About this exercise: Output, word for word and without pictures, the lines from the one containing "В сметану добавляем" through the final line of the listing below.

Given data:

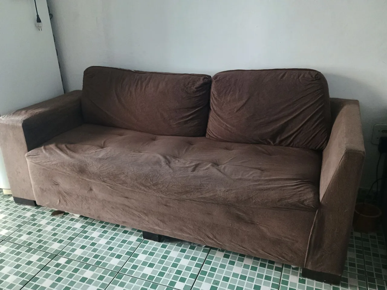Sofá confortável e espaçoso, ideal para relaxar e receber visitas. Perfeito para sua sala!
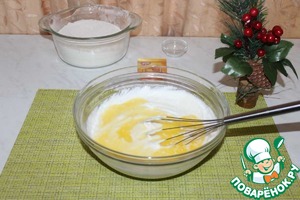 В сметану добавляем сахар и хорошо перемешиваем.
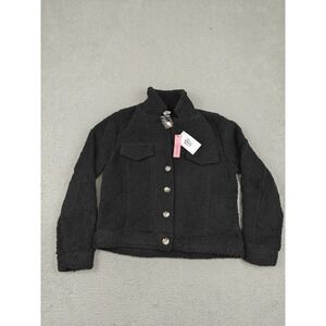 Andree By Unit Jacket Womens Small Black Sherpa Fleece Button Front Collared

Written solution:
 В сметану добавляем сахар и хорошо перемешиваем.
 Andree By Unit Jacket Womens Small Black Sherpa Fleece Button Front Collared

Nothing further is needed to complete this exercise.